Puis, le duo reviendra vers ses terres originelles que sont Venom et Celtic Frost. Il ne cessera d’ailleurs de le faire au cours de sa carrière : Blaze In The Northern Sky était déjà dans cette veine, et s’avère bien plus écoutable que les disques suivants, successions de blastbeats aussi fatiguant que stériles, tuant la vraie puissance de la musique. En effet, les riffs de guitare, ces cavalcades incessantes et glaciales, inspirées directement des soli de Fast Eddie Clarke sur le morceau « Overkill » de Motorhead, avaient de l’idée, et auraient pu aboutir à une musique à la force artistique bien plus grande. Mais la recherche de l’extrémisme fut la plus forte, dans le but avoué de sélectionner au maximum l’auditoire plutôt que de faire avancer la musique.

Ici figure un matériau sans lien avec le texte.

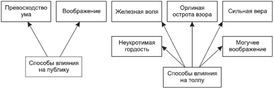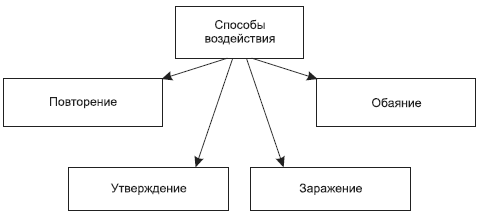 могущественным способом воздействия вожаков является заражение. Все эмоции и действия в толпе быстро становятся заразительными. Этим объясняется, например, распространение паники. Чтобы подчинить себе мир и господствовать над ним, необходимо, помимо сильной воли, обладать еще необыкновенным обаянием. Обаяние – это род господства какой-нибудь идеи или дела над умами людей. Ле Бон выделял два вида обаяния: приобретенное и личное. Приобретенное обаяние достигается титулом, богатством, репутацией. Личное обаяние носит более индивидуальный характер и может совершенно не зависеть от приобретенного обаяния. Обаяние достигается в результате усиленного повторения одних и тех же суждений, мнений, которые никто уже не смеет оспаривать. Личное обаяние достигается путем какого-то магического очарования, действующего на присутствующих. Все великие вожаки толпы – Будда, Магомет, Жанна д\'Арк, Наполеон – обладали именно таким обаянием. Это обаяние сродни харизме, описанной М. Вебером.Рис. 18.5. Способы воздействия вождя на толпу по Ле Бону.
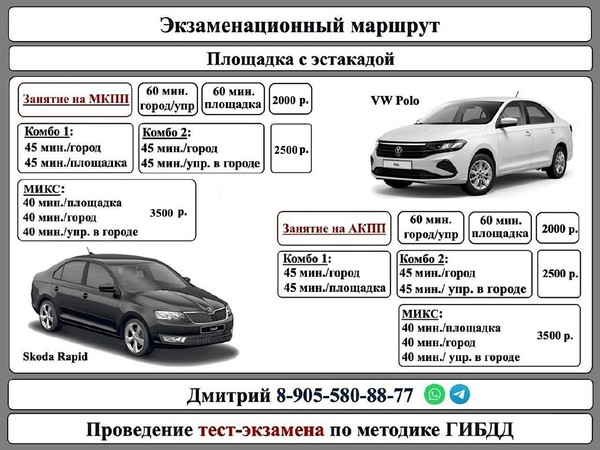 Здравствуйте, я автоинструктор по вождению в Марьино, МКПП и АКПП, отработка экзаменационного маршрута, занятия на площадке с настоящей эстакадой, вождение в городе, восстановление утраченных навыков.

Le virage aura donc lieu bien plus tard. La seconde génération de Black-Metal réduite en cendres à la suite des différents scandales évoqués plus haut, elle va pourtant en engendrer une troisième qui va s’inspirer de la musique et de l’image sulfureuse, tout en lui injectant des contours plus acceptables pour le plus grand nombre d’adolescents. Les nouveaux noms se nomment Cradle Of Filth, Dimmu Borgir…. Ils reprennent les corpse-paints, les poses dans les forêts sombres, mais injectent des claviers, des chœurs féminins et des orchestrations pour donner une dimension plus romantique. Tout cela va bien évidemment ulcérer les purs et durs du Black-Metal que sont Ivar Enger et Fenriz, qui décident aussitôt de faire évoluer leur Metal vers ce qui fut le terreau initial du groupe plutôt que de servir de caution à un genre musical dans lequel ils ne se reconnaissent plus. Ils vont d’abord chercher dans un Crust-Punk agressif mais plutôt terne, qui va éloigner les vieux fans sans en ramener de nouveaux. Darkthrone est de plus en plus isolé sur son île, et plus personne ne semble suivre leur trajectoire artistique. The Underground Resistance apparaît dans le paysage musical en 2013 sans que l’on attende quoi que ce soit de plus que son prédécesseur, Circle The Wagons, en 2010. Ils avaient certes atteint une certaine respectabilité qui leur permet d’atteindre la 23ème place des classements norvégiens. Mais cela n’empêche pas Fenriz de conserver son travail d’employé à la Poste nationale. Ce nouvel album est pourtant un tournant important dans leur carrière. S’ils ont acquis une respectabilité musicale par leurs albums Black des années 90, désormais jugés avec la patine et le recul des années passées, Darkthrone n’est plus à la hauteur des discours d’esthète que le batteur-maître à penser distille sur le net. Si il est toujours un fin connaisseur du Heavy-Metal, pour moi, rien ne transparaît vraiment dans sa musique.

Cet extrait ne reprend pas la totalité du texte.